▶ **Goal of the exercise**
When you reach the line that contains "Cartão Postal De", begin copying exactly and continue through the last line below. Do not copy pictures.

---- Data under study

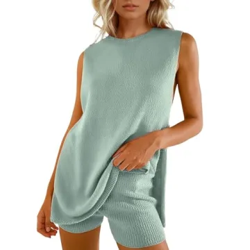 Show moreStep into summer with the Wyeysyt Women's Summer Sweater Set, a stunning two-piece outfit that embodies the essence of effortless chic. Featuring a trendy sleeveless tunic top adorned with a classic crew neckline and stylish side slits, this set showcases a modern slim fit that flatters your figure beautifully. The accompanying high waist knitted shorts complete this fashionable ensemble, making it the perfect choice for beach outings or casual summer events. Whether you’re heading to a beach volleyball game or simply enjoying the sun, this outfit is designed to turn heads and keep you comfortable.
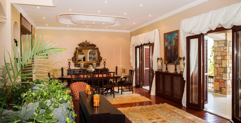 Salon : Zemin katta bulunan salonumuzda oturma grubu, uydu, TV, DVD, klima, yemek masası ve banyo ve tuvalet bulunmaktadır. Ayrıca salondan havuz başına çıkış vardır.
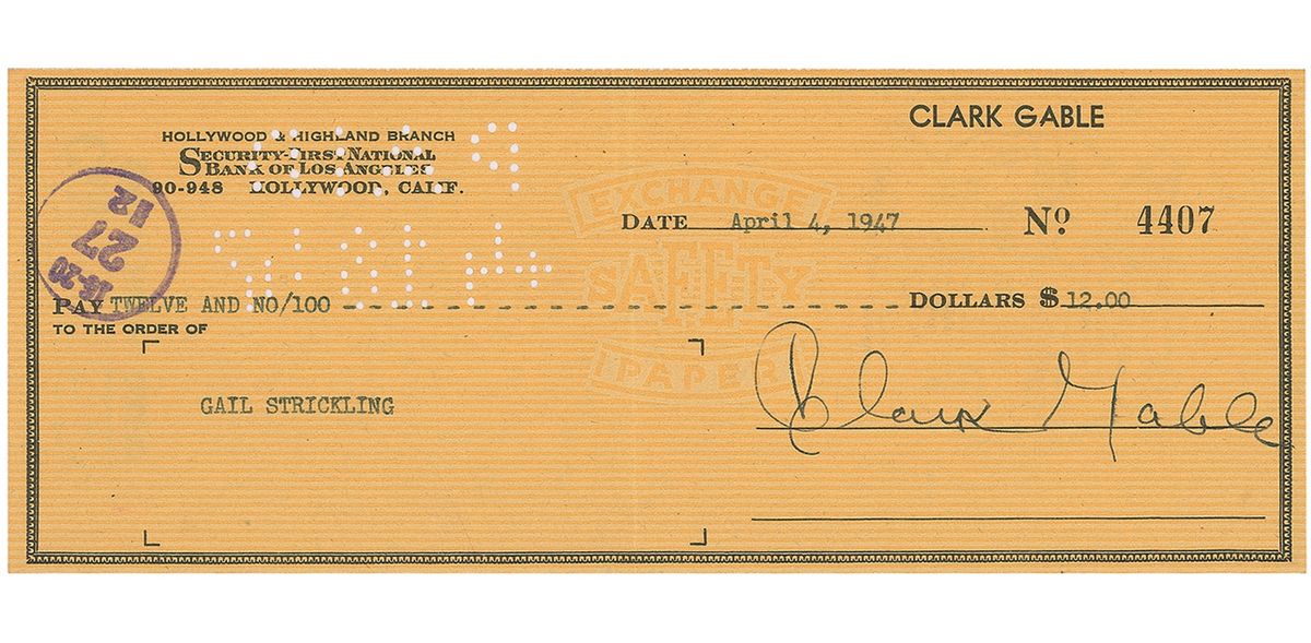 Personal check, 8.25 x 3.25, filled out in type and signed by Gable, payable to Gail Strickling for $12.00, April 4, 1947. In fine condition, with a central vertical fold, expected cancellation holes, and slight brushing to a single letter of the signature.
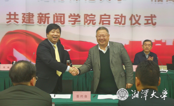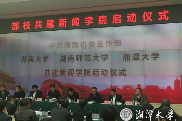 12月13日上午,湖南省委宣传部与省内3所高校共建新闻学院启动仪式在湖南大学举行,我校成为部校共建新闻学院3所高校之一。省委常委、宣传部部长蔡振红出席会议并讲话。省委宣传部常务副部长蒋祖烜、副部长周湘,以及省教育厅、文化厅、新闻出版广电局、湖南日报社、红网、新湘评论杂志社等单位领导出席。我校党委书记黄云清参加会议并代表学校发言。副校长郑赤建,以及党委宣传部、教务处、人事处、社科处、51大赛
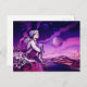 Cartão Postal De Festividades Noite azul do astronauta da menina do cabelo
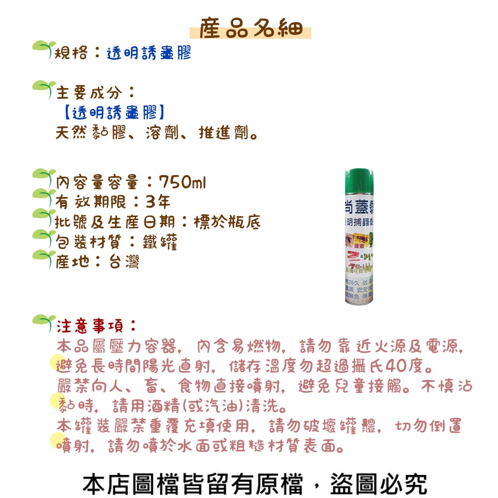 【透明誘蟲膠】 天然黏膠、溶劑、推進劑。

--------

▶ **Solution to this exercise**
 Cartão Postal De Festividades Noite azul do astronauta da menina do cabelo
 【透明誘蟲膠】 天然黏膠、溶劑、推進劑。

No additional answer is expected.